Montana’s official bird is the Western Meadowlark, a colorful avian also known as Sturnella neglecta. Its distinctive appearance includes a bold yellow chest and brown streaks.
2. Why Was the Western Meadowlark Chosen as Montana’s State Bird?
In 1930, Montana schoolchildren selected a conspicuous avian as the state bird due to its brightly colored nature.
The following year, the legislature officially named the Western Meadowlark as the official state bird after undergoing the legislative process.
3. Where Can the Western Meadowlark Be Found?
The Western Meadowlark can be found in various states, including Montana, North Dakota, and Oregon.
This bird breeds across Canada from British Columbia to Lake Ontario and south along the Pacific Coast to northern Baja California, Arizona, New Mexico, and the central plateau of Mexico.
During the winter months, northern breeding populations move as far south as the coastal plains of Mexico, Baja California, and the United States Gulf Coast.
4. Will Climate Change Affect Western Meadowlark?
The Sturnella neglecta, a bird that primarily consumes insects, faces increased vulnerability to water loss due to its reliance on moisture obtained from its insect diet.
Climate change has led to a 30% rise in their water requirements, potentially forcing them to capture an extra 60-70 insects per day for survival.
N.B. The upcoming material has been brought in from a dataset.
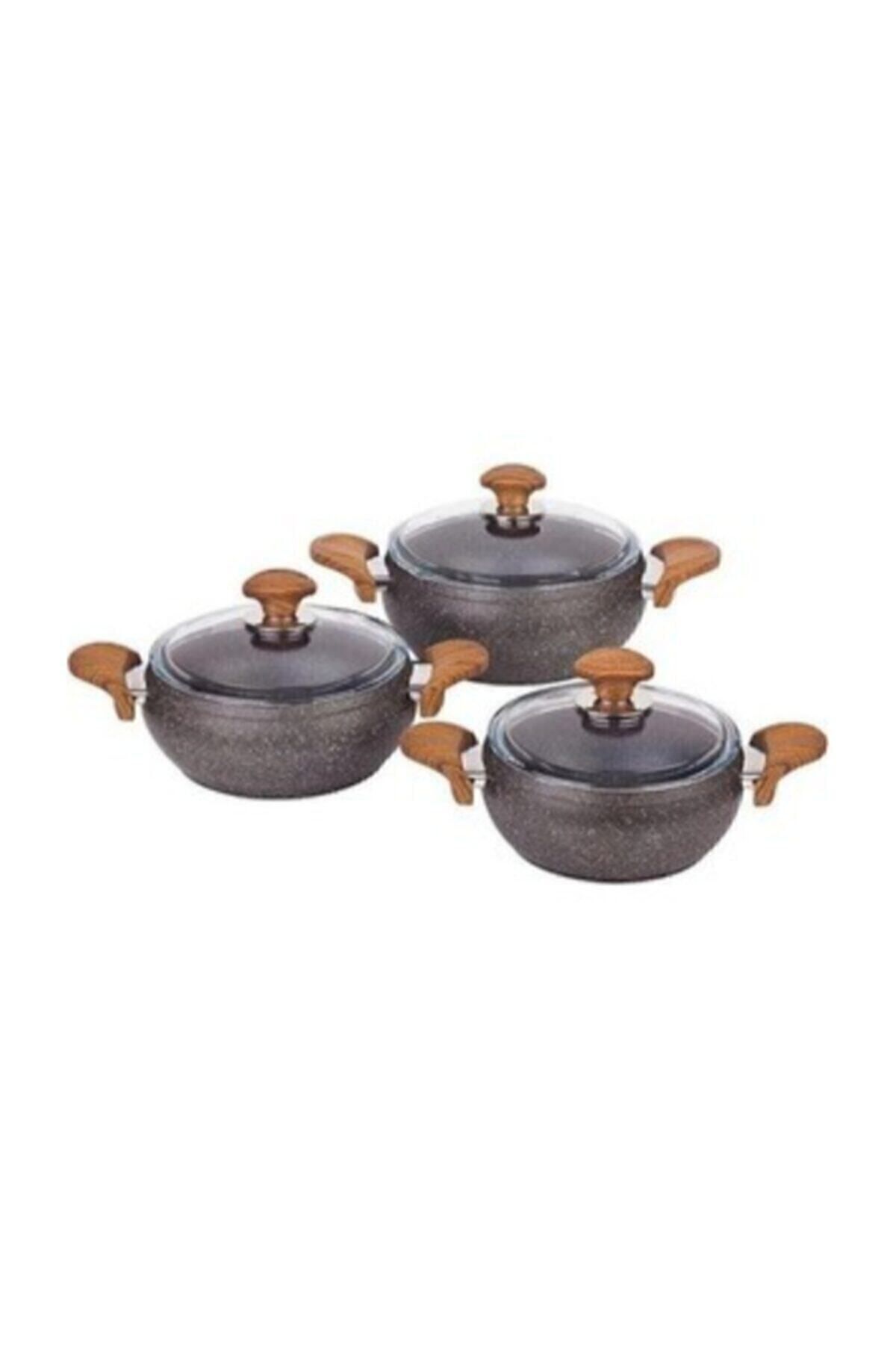 Granit iç ve dış yüzeyi sayesinde uzun ömürlü kullanım sunar ve kolay temizlenebilir;; Isıya dayanıklı yapısı ile yüksek ısıda pişirme imkanı sağlar, böylece yemeklerinizi daha hızlı ve eşit bir şekilde pişirebilirsiniz;; Gri ahşap sap tasarımı, hem şık bir görünüm kazandırır hem de tutuşu kolaylaştırarak mutfakta rahatlık sağlar;; Üçlü set halinde sunulan bu tencere seti, farklı boyutlardaki yemekleriniz için idealdir ve mutfakta ihtiyacınız olan çeşitliliği sunar;;

However, the availability of these insects is uncertain, contributing to the decline in population observed in bird species like the Western Meadowlark.
5. Which Other States Have the Western Meadowlark as Their State Bird?
The Western Meadowlark is not just a beloved native bird, it also holds the esteemed title of state bird in six states, namely Montana, Kansas, Nebraska, North Dakota, Oregon, and Wyoming.
6. Why Do the Eastern and Western Meadowlarks Not Mate With Each Other?
At first glance, this yellow-chested, ground-nesting bird and the Eastern meadowlark may appear identical, as their ranges overlap. However, their bird songs are distinct, so they do not interbreed.